[WHAT THE TASK ASKS] Pictures must not appear in your answer. Write out exactly the lines from the one with "تحدث عن الثورة" through the last line of the entries below.

AVAILABLE DATA: Begin

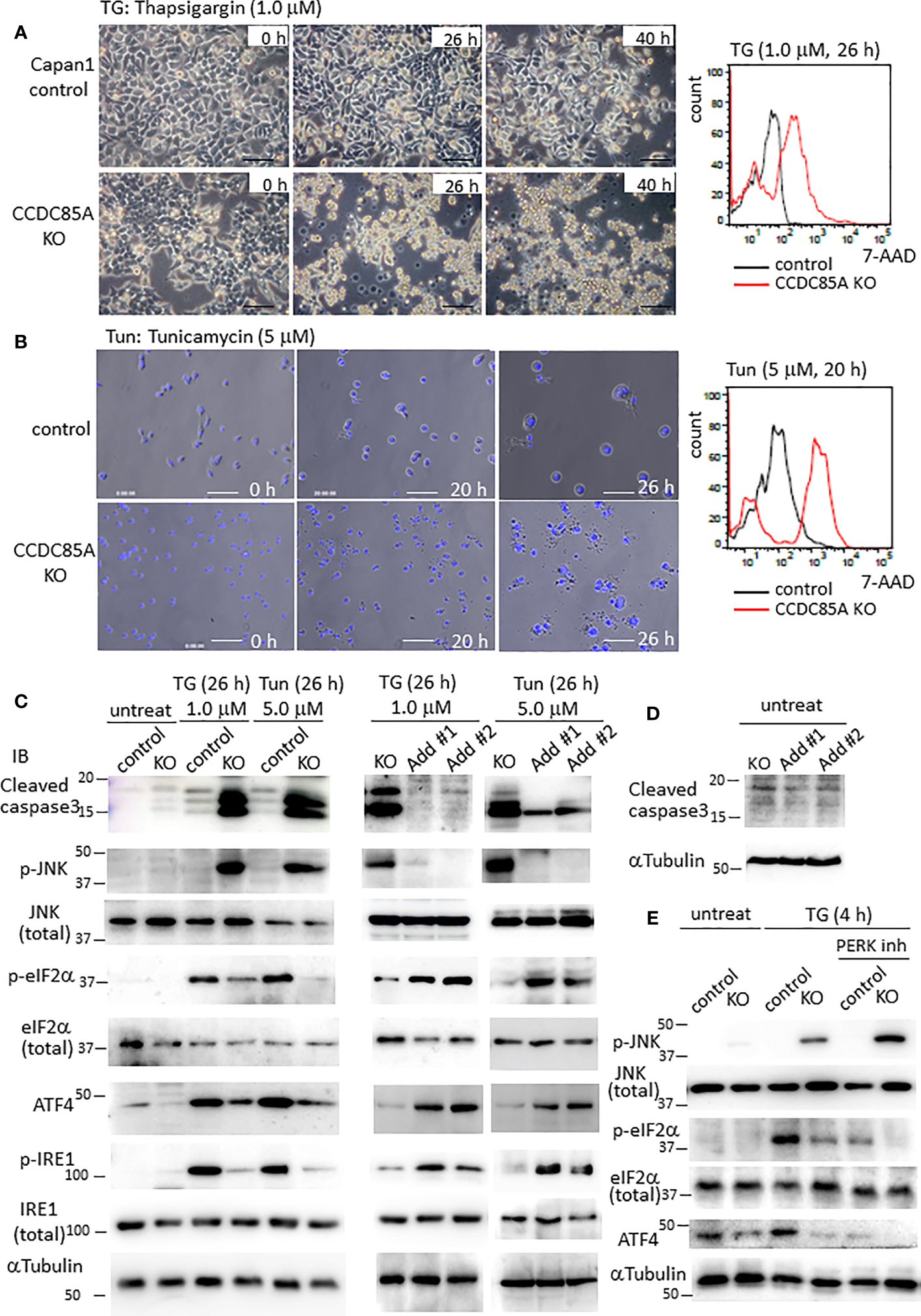Resistance of cancer cells to chemotherapeutic agents such as cisplatin is a major problem, and this phenomenon is affected by cellular responses to ER stress. Treatment with ER stress activators thapsigargin (TG) or tunicamycin (Tun) triggered apoptosis in Capan1 CCDC85AKO cells to a greater extent than in control cells (Figures 4A, B). Consistent with this, TG and Tun induced expression of cleaved caspase-3 and activation (phosphorylation) of JNK in Capan1KO cells; however, this was far less evident in Capan1 control cells under the same conditions (Figure 4C; left panel).
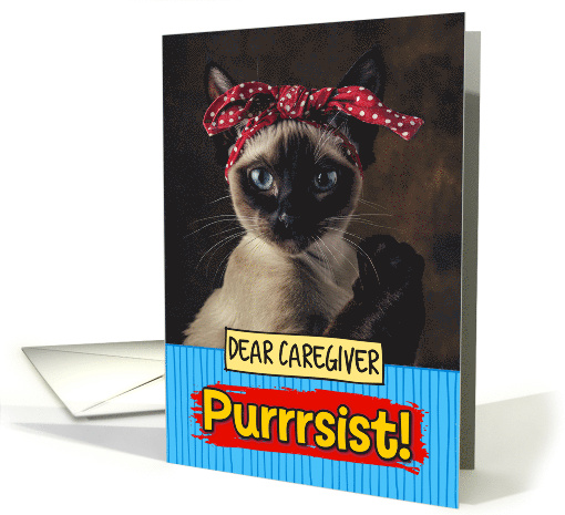 A cute Siamese Cat wearing a red and white polka-dotted bandana with her paws raised like the iconic WWII poster of Rosie the Riveter on a blue striped background with the text 'Dear Caregiver Purrrsist!' in yellow and red. A cute card to send to a fabulous caregiver who needs a bit of encouragement. You can do it!
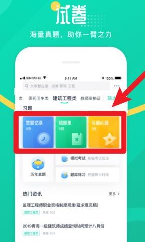 2、在主界面選擇對應(yīng)考試類別后,可查看答題記錄、錯題集及收藏題目等內(nèi)容進(jìn)行高效復(fù)習(xí)管理。
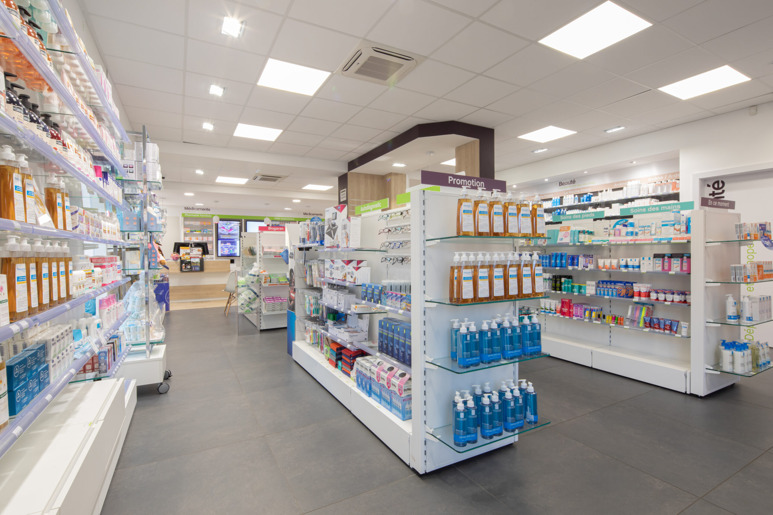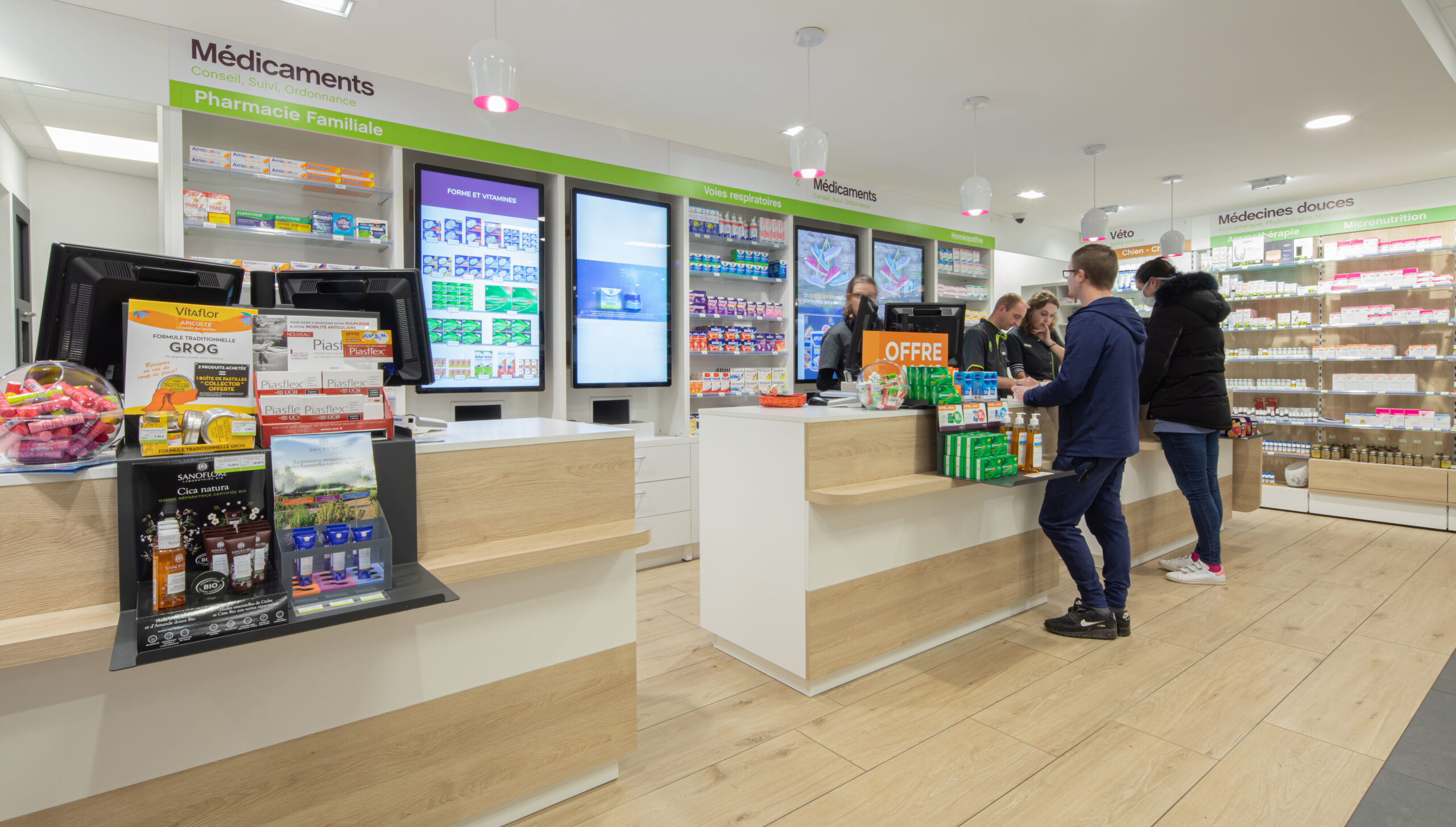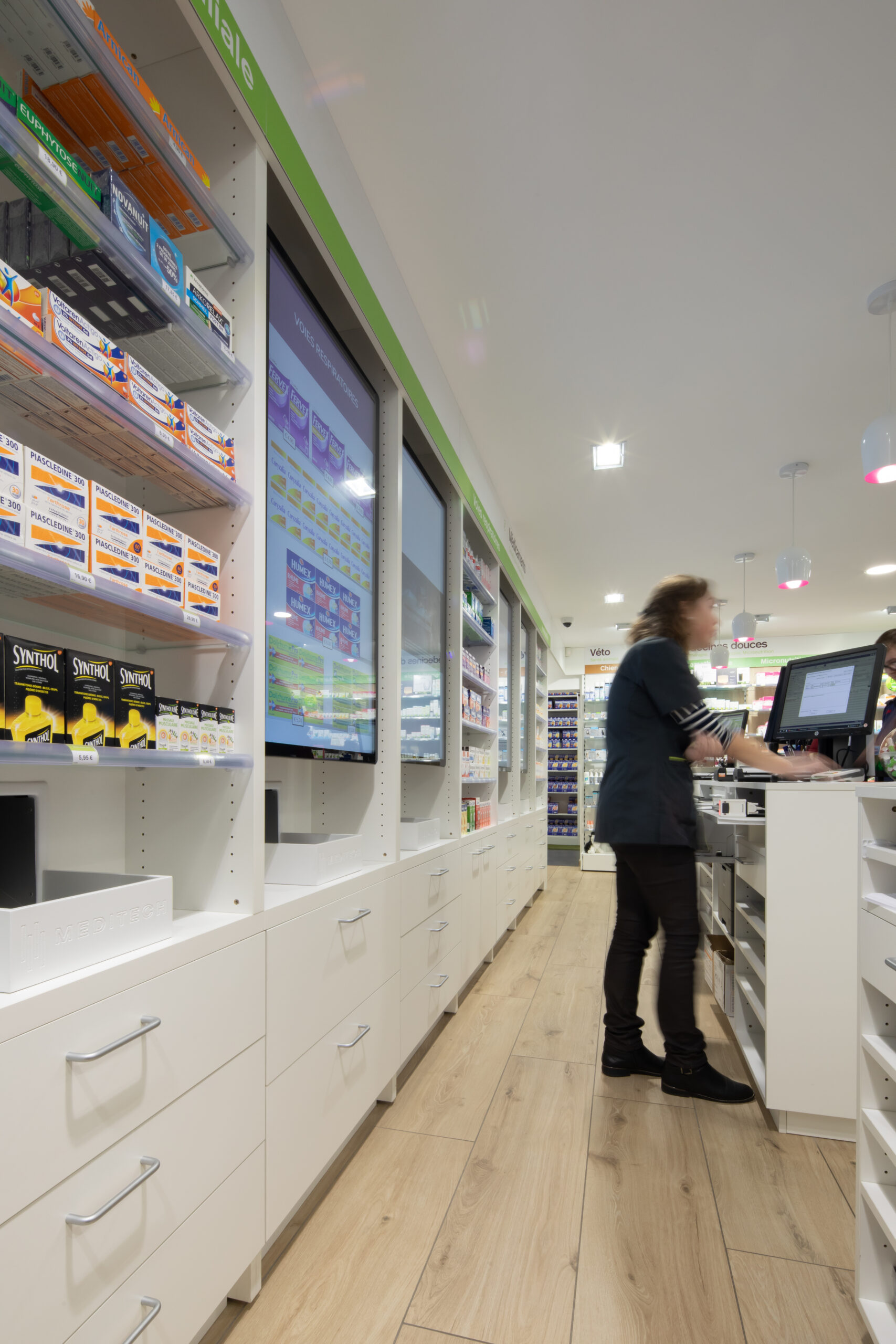 La farmacia Du Château si distingue per la sua innovativa digitalizzazione, un elemento che rivoluziona l’esperienza del cliente. I monitor disposti dietro al retrobanco offrono comunicazioni chiare e versatili, rendendo informazioni utili sempre accessibili. Questa interattività non si ferma alla soglia della farmacia: grazie a contenuti informativi e promozioni, si crea un legame duraturo con il cliente, mantenendo viva la comunicazione anche quando torna a casa. In questo modo, la farmacia non è solo un punto di vendita, ma un partner nel benessere, sempre presente e attento alle esigenze di ciascuno.
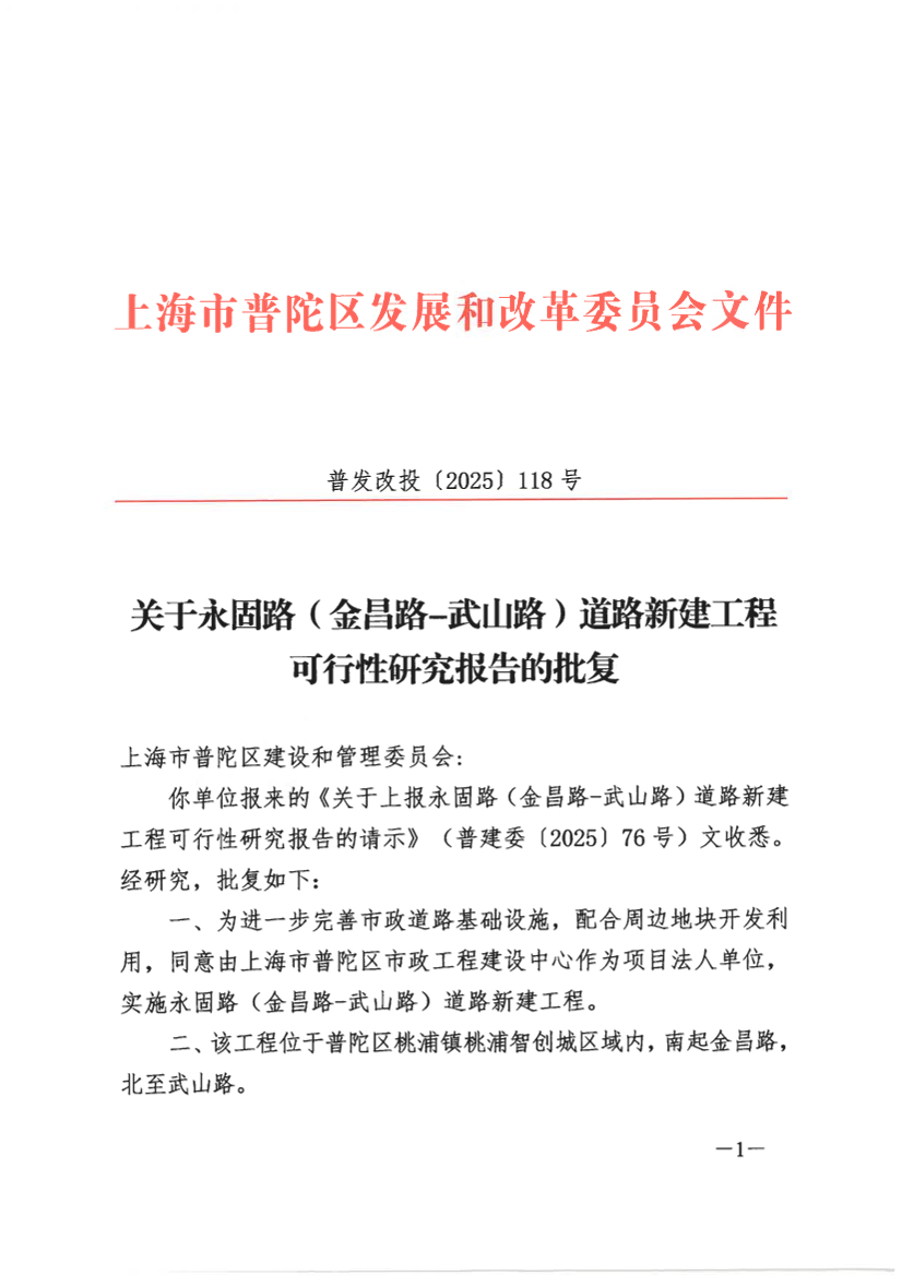 你单位报来的《关于上报永固路(金昌路-武山路)道路新建工程可行性研究报告的请示》(普建委〔2025〕76号)文收悉。经研究,批复如下:
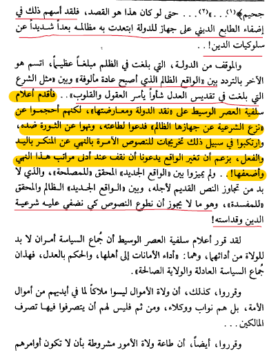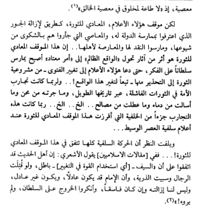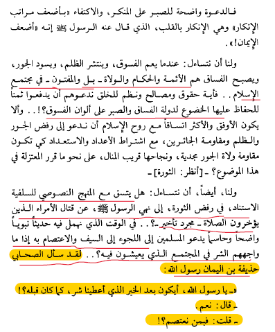 تحدث عن الثورة (الخروج علي الحاكم) فوفي وأقنع وأورد النصوص وبين الدلائل علي مجانبة الصواب في الاخذ بادني مراتب الإيمان في دفع ظلم الحاكم ..
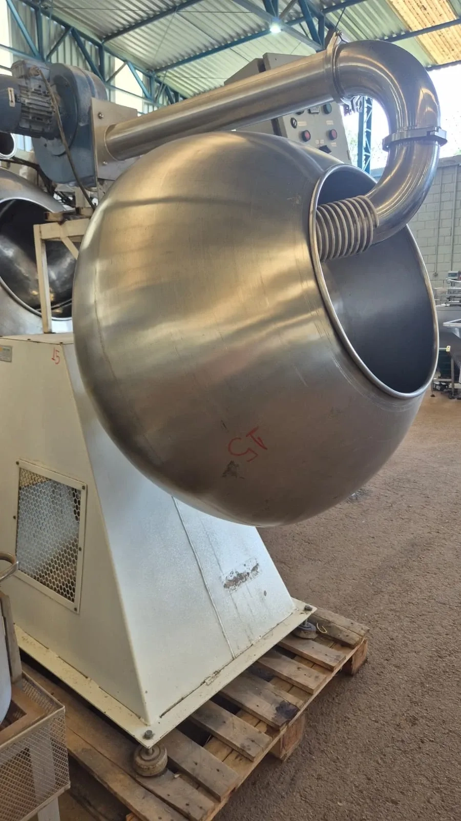 Drageadeira lisa com insuflador de ar quente capacidade aproximada 300 litros marca Apitec. Equipamento com estrutura em aço carbono, bojo em aço inox, Painel de controle composto de controlador de temperatura. Motor 2 CV /3400 RPM. Voltagem trifásico 220/380 v.
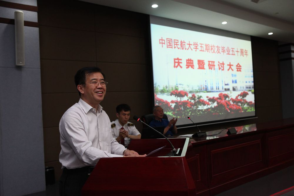景一宏代表全校师生对五期校友的返校表示热烈的欢迎。他强调,五期校友作为中国民航大学第一届本科毕业生,沿承下来的严实向上的精神、优良的品格、优秀的传统影响了一批又一批的中航大学子。景一宏对校友为学校的人才培养、科学研究、学科建设以及发展所作出的贡献表示肯定,指出中国民航大学现在的成就离不开各位校友的帮助支持,欢迎各位校友常回家看看。
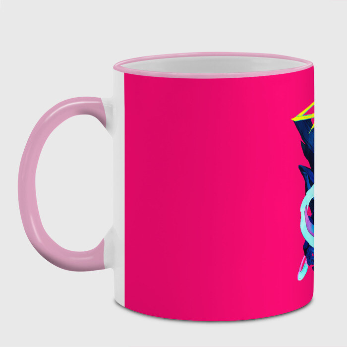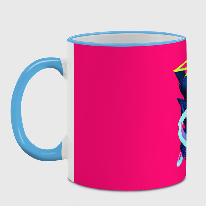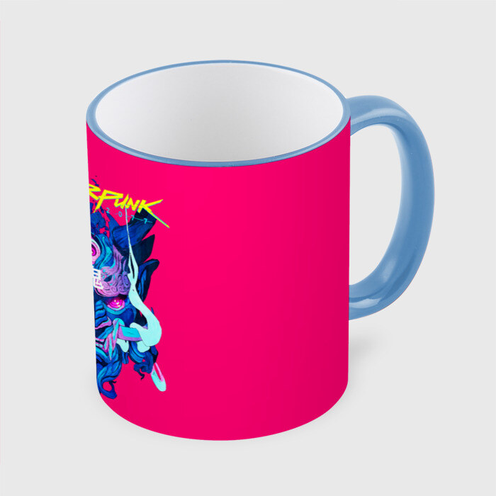 Кружка с принтом, который наносится по всей внешней поверхности, кроме прямоугольника у ручки. У кружки цветной ободок сверху и ручка. Можно заказать со своим дизайном.
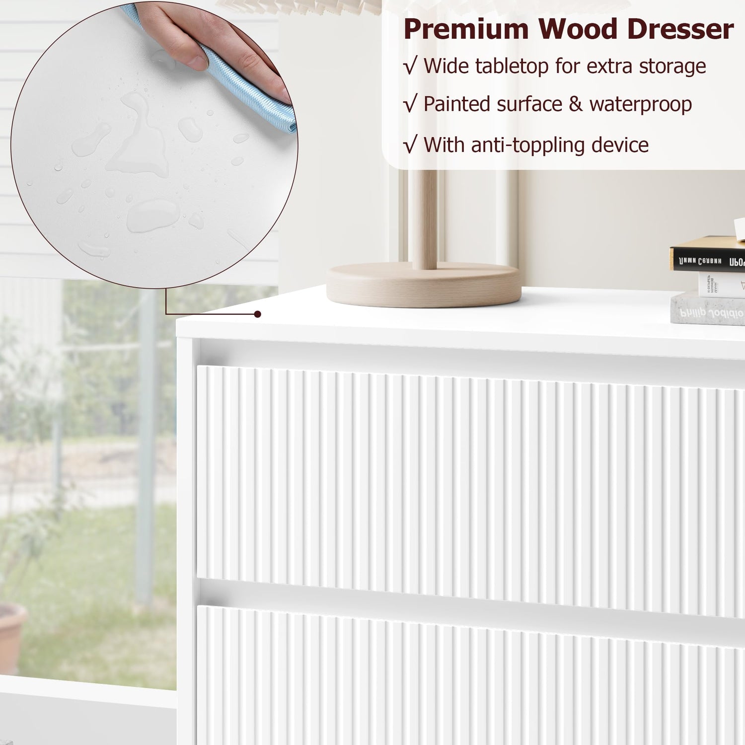 - Modern & Chic Style: Crisp white look complements perfectly the handleless drawers which are highlighted by the wave-shaped drawer fronts, this 6 drawer dresser exude casual elegance while enhancing your living

AVAILABLE DATA: End

[WRITTEN RESPONSE]
 تحدث عن الثورة (الخروج علي الحاكم) فوفي وأقنع وأورد النصوص وبين الدلائل علي مجانبة الصواب في الاخذ بادني مراتب الإيمان في دفع ظلم الحاكم ..
 Drageadeira lisa com insuflador de ar quente capacidade aproximada 300 litros marca Apitec. Equipamento com estrutura em aço carbono, bojo em aço inox, Painel de controle composto de controlador de temperatura. Motor 2 CV /3400 RPM. Voltagem trifásico 220/380 v.
景一宏代表全校师生对五期校友的返校表示热烈的欢迎。他强调,五期校友作为中国民航大学第一届本科毕业生,沿承下来的严实向上的精神、优良的品格、优秀的传统影响了一批又一批的中航大学子。景一宏对校友为学校的人才培养、科学研究、学科建设以及发展所作出的贡献表示肯定,指出中国民航大学现在的成就离不开各位校友的帮助支持,欢迎各位校友常回家看看。
 Кружка с принтом, который наносится по всей внешней поверхности, кроме прямоугольника у ручки. У кружки цветной ободок сверху и ручка. Можно заказать со своим дизайном.
 - Modern & Chic Style: Crisp white look complements perfectly the handleless drawers which are highlighted by the wave-shaped drawer fronts, this 6 drawer dresser exude casual elegance while enhancing your living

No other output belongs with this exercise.